Myles Garrett has requested a trade out of Cleveland, but it takes two teams to tango – and in this case, several would be interested in acquiring Garrett, but do the Browns really want to trade him? And even if so, can they afford to?
Daryl Ruiter covers the Browns for our sibling station 92.3 The Fan in Cleveland, and when he joined BMitch & Finlay on Wednesday, he wasn’t so sure it’s as easy as Garrett wants it to be.
“He’s not actually on the trading block, at least from the Browns' perspective. Myles wants to put himself on the trading block, but GM and VP of Football Ops Andrew Berry has been very adamant in telling people that he has no intention of trading Myles Garrett,” Ruiter said. “Now, Pat Riley released a statement saying he wasn't trading Jimmy Butler a month ago and we all know how that movie ended, but from a factual standpoint, yes, Myles Garrett wants out and is telling anyone and everyone that is willing to listen that he wants out and why he wants out, and the Browns are basically saying, no, we're not going to do that, we’re going to move forward with Garrett as a member of the Browns.”
The other problem, for the Browns anyway, is that their salary cap situation is such a mess, there’s a lot more to moving on from Garrett than just simply dealing him.
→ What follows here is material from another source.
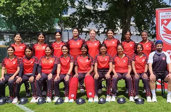 Switzerland in reply had a shaky start, losing Laila Pickard for 6 (10) and Franziska Kuenburg for 8 (11), leaving Switzerland at 20/2. By the sixth over, Switzerland was at 33/3 as Millie Holmes was caught off Sruthi Yenamandra’s bowling for 3. Meghna Rajan and Ananya Srinivasan then took charge, forming an unbeaten partnership of 99 runs.

“I'm sure Andrew Berry is getting phone calls as we speak, but it's really hard to decamp now if he'll actually get moved, because the Browns are in a tough salary cap situation right now,” Ruiter said. “They're gonna have to do some contract restructures before the new league year commences in March, and Garrett has some bonus money that's due to him in March as well, which could inflate his actual cap number should the Browns trade him.
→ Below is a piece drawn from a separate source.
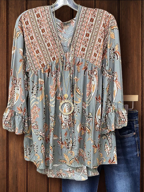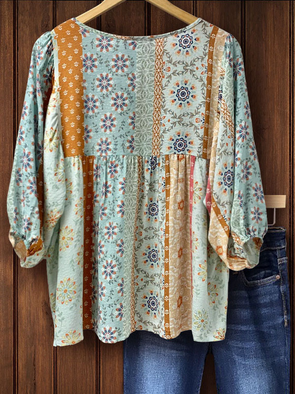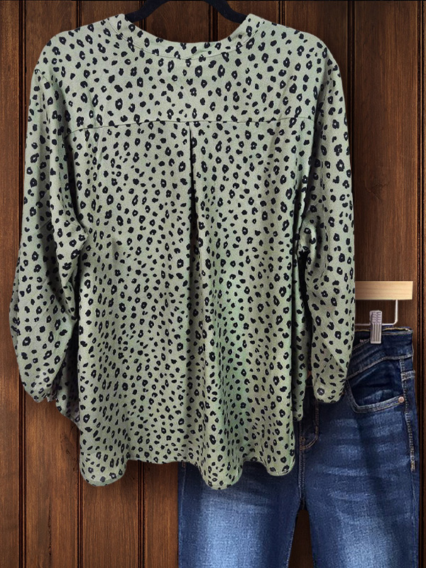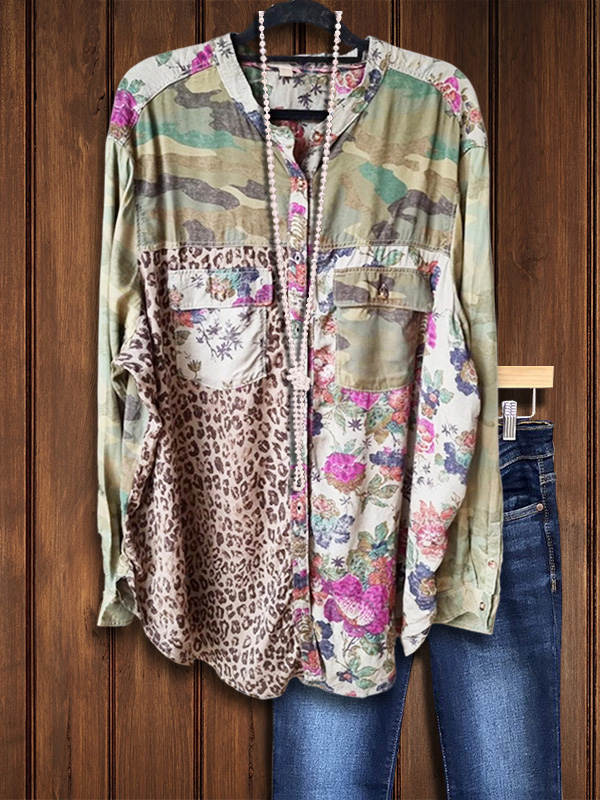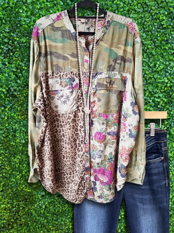 Relaxed Camo Leopard Floral Buttondown Tunic Blouse

It would take him from the mid-30s to possibly over $40 million as far as the cap hit, so if they're going to move Garrett from a cap standpoint, they need to do it before the new league year. I just don't know that the Browns have room to absorb yet another $35 million in dead cap considering they're going to have to restructure Deshaun Watson because they're going to need to create another $30 million dollars-plus in cap space so that they can get close to being under the cap come the new league year.”
Oh, and don’t forget that that the Browns have a lot of needs on the field, but ‘there’s the reality that this was a $300 million football team last year that won a whopping three games.”
And yet, despite that, Ruiter agrees that Garrett might actually be UNDERPAID right now in his current deal.
“I know this is insane to say that at $25 million a year and you're underpaid, but considering the resume that he has and the marketplace, yeah, he is underpaid for what he's accomplished at 29 years old,” Ruiter said.
“He's the youngest player in NFL history to accumulate 100 sacks and the only player in NFL history with 14 or more sacks in four consecutive seasons. He’s a game-wrecker type of player and I think he could retire today and be a Hall of Famer, his resume is just that strong. All that being said, though, he wants to win.”
The Browns have had six losing seasons and almost as many head coaches in Garrett’s eight years, and there’s not much hope for that vast improvement, it seems, so…
“The Browns can say ‘we're close’ all they want until they're blue in the face, the bottom line is they’re not. You can’t win three games coming off an 11-6 playoff season and tell me you’re close to competing or that you're a quarterback away, because the quarterback that was a problem got hurt and did not play the bulk of the season, and to be perfectly candid, not much improved with the football team,” Ruiter said. “So yes, quarterback is a problem they have to address, but they have other needs to address as well, and Myles Garrett, who is in the locker room and knows a lot more than me, knows exactly where they're at and whatever plan Andrew Berry told him in the exit meetings and any further conversations they have had since, which clearly did not wow him and did not dissuade him from making this trade request.”
So, it might be in Cleveland’s best interest to acquiesce to Garrett’s request, but…
“It probably would from a team building standpoint, but again, they the salary cap and dead cap to deal with right now,” Ruiter said. “It’s easy for me to say they should move him, and I’m a believer if you don't want to be somewhere, don’t, but this is a Browns thing, not a Cleveland thing,” Ruiter said. “This is a Browns annual incompetence thing that he's tired of dealing with; it isn’t that he hates living in Cleveland, because he’s ingrained in this community and is a minority owner of the Cavaliers. That should tell you how bad it is with the Browns right now that he's doing this and is not going to sit around and wait for hope to come again; he sees his playing career mortality in front of him, and he wants to go somewhere where he can win – but again, it’s easy to see and say, okay, the Browns should get two first-round picks plus more, but he’s got a $35 million dead cap hit, so trading him is a little more complex than we want to make it out to be, so I give it a 60 percent chance of happening."